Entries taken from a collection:
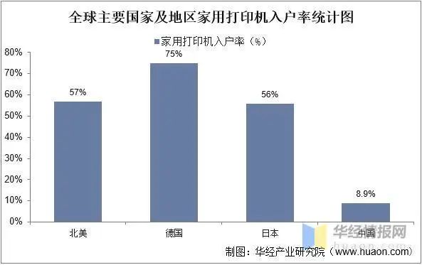全球主要國家地區(qū)家用打印機入戶率統(tǒng)計圖
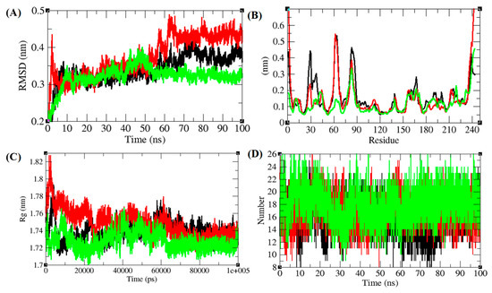 The structure nonconformities and residual variations of TmPLB1. (A) RMSD (Root mean square deviation) of TmPLB1 respect with time. (B) The backbone residues fluctuations (RMSF) of TmPLB1. (C) Radius of gyration (Rg) calculated the compactness of TmPLB1. (D) H-bonds shown amongst main chain plus side chain of TmPLB1. The black, red and green colors were representing the respective temperatures at 30 °C, 35 °C, and 40 °C, respectively.
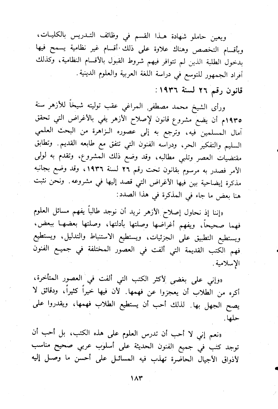 ورأى الشيخ محمد مصطفى المراغي عقب توليته شيخا للأزهر سنة 1935 م أن يضع مشروع قانون لإصلاح الأزهر يفي بالأغراض التي تحقق آمال المسلمين فيه، وترجع به إلى عصوره الزاهرة من البحث العلمي السليم والتفكير الحر، ودراسه الفنون التي تتفق مع طابعه القديم. وتطابق مقتضيات العصر وتلبي مطالبه، وقد وضع ذلك المشروع، وتقدم به لولى الأمر فصدر به مرسوم بقانون تحت رقم 26 لسنة 1936، وقد وضع بجانبه مذكرة إيضاحية بين فيها الأغراض التي قصد إليها في مشروعه. ونحن نثبت هنا بعض ما جاء في المذكرة في هذا الصدد:
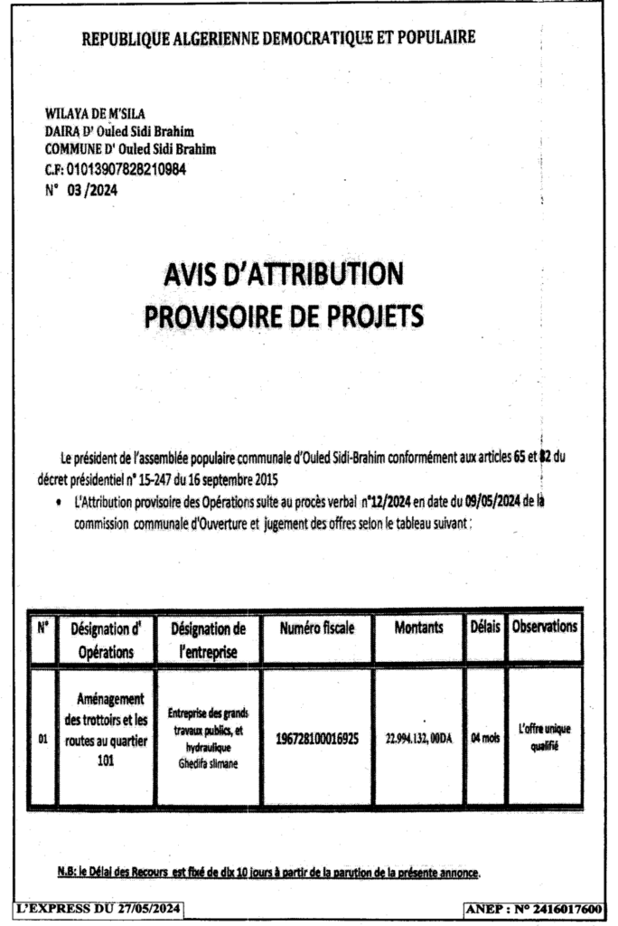 إعلان عن منح مؤقت تهيئة الأرصفة والطرق لحي 101 ببلدية أولاد سيدي ابراهيم
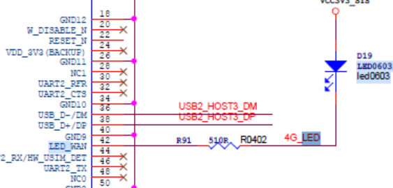 4G | 黄色 | 4G通信状态指示灯,接Mini PCIe的42脚,供4G模块使用 |
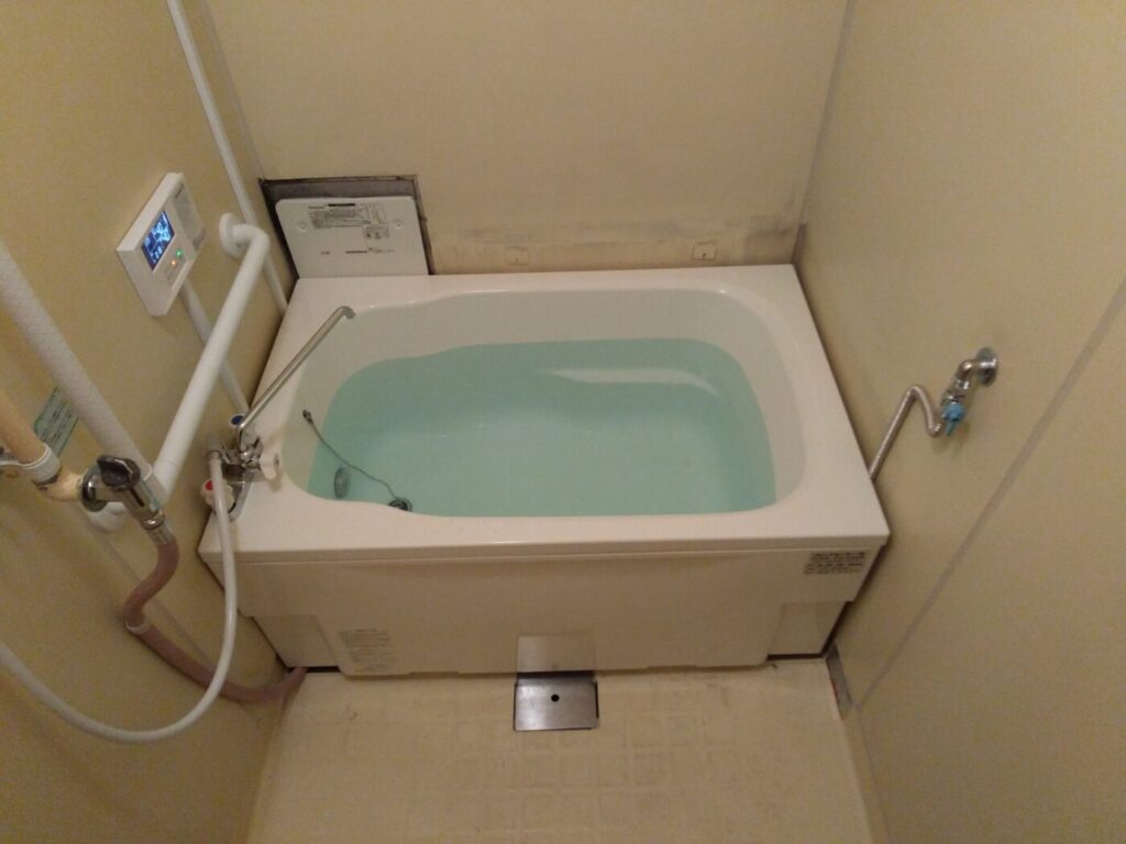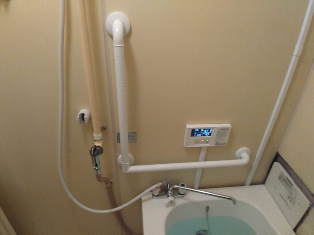 川西市 T様邸 給湯器・浴槽・シャワー水栓取替手すり取付工事 ハウステック 壁貫通型給湯器 16号 フルオートWF-1613AT 浴槽 HK-1172 リクシル BF-M607H-GA TOTO TS136GLU66#NW1 2026年3月
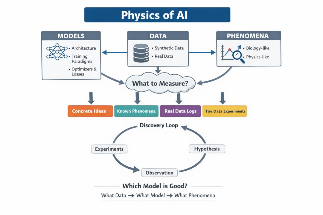 他现在每天更新的博客,名为“physics of AI”,意为用研究物理学的方式来研究AI,旨在回答:什么样的模型,在什么样的数据上,展现出什么样的现象。

Work required:
Output exactly the lines from the one that has "4G | 黄色 | 4G通信状态指示灯,接Mini PCIe的42脚,供4G模块使用 |" through the end of the data. Do not include pictures.

Solution to this task:
 4G | 黄色 | 4G通信状态指示灯,接Mini PCIe的42脚,供4G模块使用 |
 川西市 T様邸 給湯器・浴槽・シャワー水栓取替手すり取付工事 ハウステック 壁貫通型給湯器 16号 フルオートWF-1613AT 浴槽 HK-1172 リクシル BF-M607H-GA TOTO TS136GLU66#NW1 2026年3月
 他现在每天更新的博客,名为“physics of AI”,意为用研究物理学的方式来研究AI,旨在回答:什么样的模型,在什么样的数据上,展现出什么样的现象。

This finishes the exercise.